Hier, pour l’ouverture de la Gay Pride fait son cinéma, j’ai pu assister en avant-première à la projection du dernier film de Gaël Morel, Notre Paradis. Premier constat la salle n’est pas pleine (serait-ce la réputation du réalisateur à la filmographie pas toujours facile d’accès qui a frappé?). Deuxième constant : l’audience est majoritairement masculine (dommage). Je me cale dan le fauteuil de la très jolie salle du Gaumont Capucines dont le style Art Déco es tout à fait charmant. Bref, le film commence.
[Spoilers]. Et la première scène est plutôt bluffante. « Une vieille », comme il se définit, monologue fasse à un gigolo qu’il a levé au bois de Boulogne. Le dit Gigolo, c’est Vassili (Stéphane Rideau). Il est posé sur le canapé, la chemise ouverte, silencieux, avec une présence animale qui rappelle le Brando d’Un tramway nommé Désir, le bidon proéminent en plus. Petit détail de poids, si je peux me permettre, puisque le thème du film c’est le vieillissement. D’entrée de jeu, Gaël Morel pose les jalons de sa thématique. La vielle fait remarquer à Vassili qu’il a bien raison de mentir sur son âge (Vassili dit avoir la vingtaine alors qu’il affiche clairement la trentaine). La vieille veut prendre son temps pour bander – ce qui est le privilège justement des vieilles, met un disque de Roy Orbinson et va se rafraichir dans la salle de bain. Vassili se lève, et de sa présence massive rejoint son client pour… l’étrangler.

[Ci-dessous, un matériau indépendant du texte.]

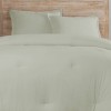 King 3pc Lark Duvet Set Green - Vue: Midweight Cotton, Hidden Button, Contemporary Style, Includes 2 Shams, Solid Pattern
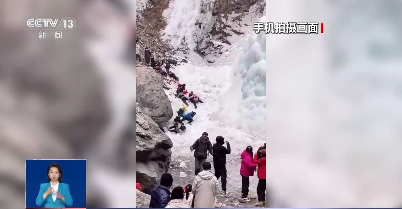 视频显示,一块硕大的冰柱从几十米高空坠落,砸向下方正在游玩拍照的十几名市民。
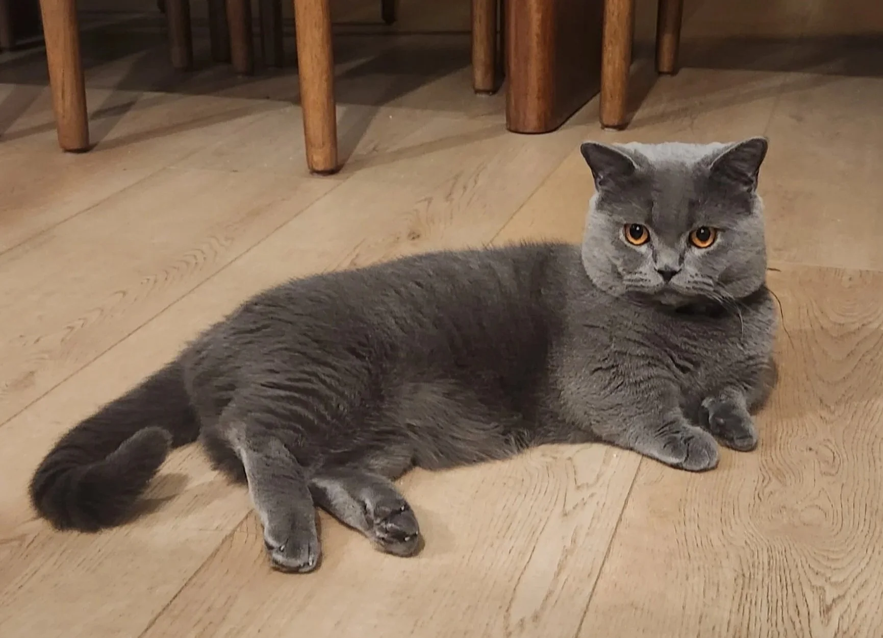 Kazi is our handsome British Shorthair king with a striking blue-gray coat and captivating golden eyes. Strong, calm, and incredibly affectionate, he represents the classic British Shorthair look and temperament we strive for in our breeding program.

La réalisation est percutante, la scène originale. Et puis, on enchaîne sur une séquence qui, pour le coup, semble être filmée plus à va vite. Vassili repasse au bois de Boulogne et tombe sur un jeune blond qui s’est fait agresser. Vassili le ramène chez lui, le baptise Angelo, s’émerveille de la douceur de sa peau, l’héberge, le fait bosser avec lui, le regarde dormir. C’est le début d’une histoire d’amour entre deux putes. L’une sur le déclin, l’autre sans passé, qui à cette jeunesse dont tous les gays du film semblent vouloir jouir le temps d’un ébat. Le couple fait équipe pour baiser, pour voler leurs clients mais Vassili ne peux refréner ses pulsions meurtrières. Sans entrer plus avant dans les détails, les deux héros doivent fuir Paris.

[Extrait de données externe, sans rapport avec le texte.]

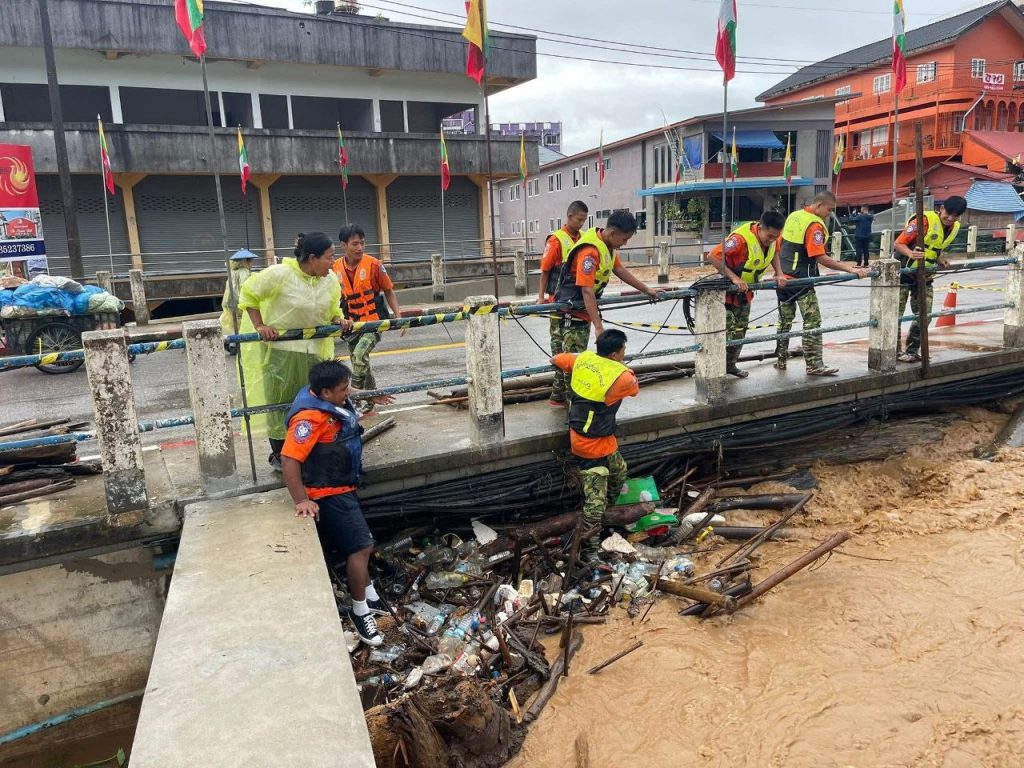 ဒီနေ့ ဇူလိုင်လ (၂၈)ရက်နေ့၊ နံနက် (၇:၃၅) မိနစ်မှာ မယ်ဆိုင်-တာချီလိတ် အမှတ်(၁)ချစ်ကြည်ရေးတံတား နယ်စပ်ဂိတ်ကို ယာယီပိတ်ထားလိုက်ပြီး ရေကြီးရေလျှံမှု အခြေအနေ ကောင်းမွန်လာမှသာ ပုံမှန်အတိုင်း ပြန်ဖွင့်မယ်လို့ သိရပါတယ်။ ပုန်းထွန်၊ တာလော့နဲ့ မကာဟိုခမ်းရပ်ကွက်တွေမှာလည်း ဘေးအန္တရာယ်ကင်းရှင်းရေး ဦးစားပေးကာ လျှပ်စစ်ဓာတ်အား ခေတ္တခဏဖြတ်တောက်ထားကြောင်း တာချီလိတ်မြို့၊ မြို့မီးလင်းရေးဦးဆောင်ကော်မတီက ကြေညာထားပါတယ်။

Ceci étant posé, je dois dire que ce film ne m’a pas remué, malgré son sujet a priori bien lourd. Si certaines scènes m’ont plu, celle d’ouverture, les plans moyens sur le visage et le corps alourdis de Béatrice Dalle (ancienne serveuse du Queen et à l’époque amie/amante de Vassili qui est rentrée vivre chez sa mère à Lyon lorsqu’elle est tombée enceinte), je suis restée à l’extérieur du film. J’ai d’abord un problème de tension. Ainsi, il n’y a pas de gradation dans la façon dont sont montrées les pulsions meurtrières de Vassili. Il tue comme ça, comme s’il s’agissait d’un acte gratuit (mes voisines de fauteuils se sont d’ailleurs faits la réflexion : pourquoi il tue?). Intellectuellement, on comprends qu’il tue ces vieux clients qui salissent la jeunesse d’Angelo, qui représentent (peut-être) ce qu’il redoute de devenir. Emotionnellement, j’aurais aimé être embarquée dans la fureur du personnage.

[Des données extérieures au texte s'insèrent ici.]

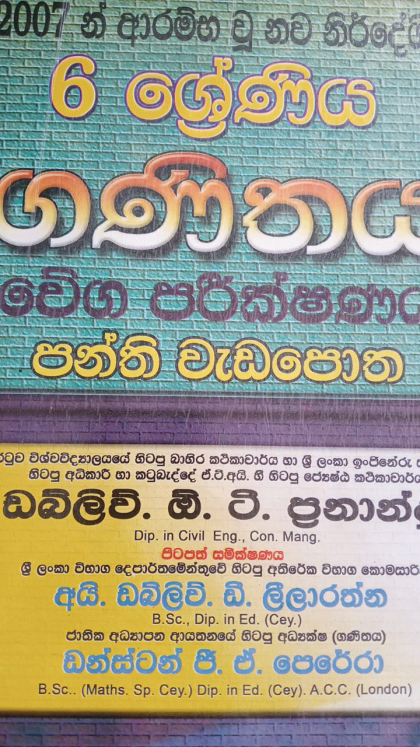 ගණිතය : වේග පරීක්ෂණ වැඩ පොත 6 ශ්රේණීය

Si ce film ne m’a pas remué, c’est aussi parce qu’il n’est pas fait pour me plaire (ce qui n’est pas un reproche, entendons-nous bien, c’est juste un constat). Notre paradis est un film pour les gays qui aborde de surcroît, un milieu (le monde de la nuit, les gigolos et la baise) qui concernent seulement une partie de la communauté homo. Je reste sur un sentiment de décalage, certes intéressant, mais aussi un sentiment d’étrangeté. Ça me rappelle une anecdote que d’autres ont peut-être vécu. Je me promenais avec une amie dans le Marais et nous sommes entrées dans un bar d’où il n’y avait que des gays. Nous n’avons pas été mal reçues ou regardées de travers. Nous n’existions tout simplement pas. Ce n’était pas notre place que d’être là. Nous avons donc bu notre verre en observant 10 minutes cet univers clos où les gens avait l’air de s’amuser puis nous sommes parties poursuivre la nuit ailleurs. C’est un peu ce qui s’est passé avec Notre Paradis. J’ai observé mais je ne suis pas parvenue à entrer dans le film, et ce n’est pas faute d’avoir essayé. Je garde malgré tout une forte impression de la scène d’ouverture et le charisme de Stéphane Rideau en gigolo vieillissant est saisissant (je pense notamment à un travelling arrière où on le voit posé nu, sur un lit, fumant une cigarette -seul avec ce corps qui commence à le trahir).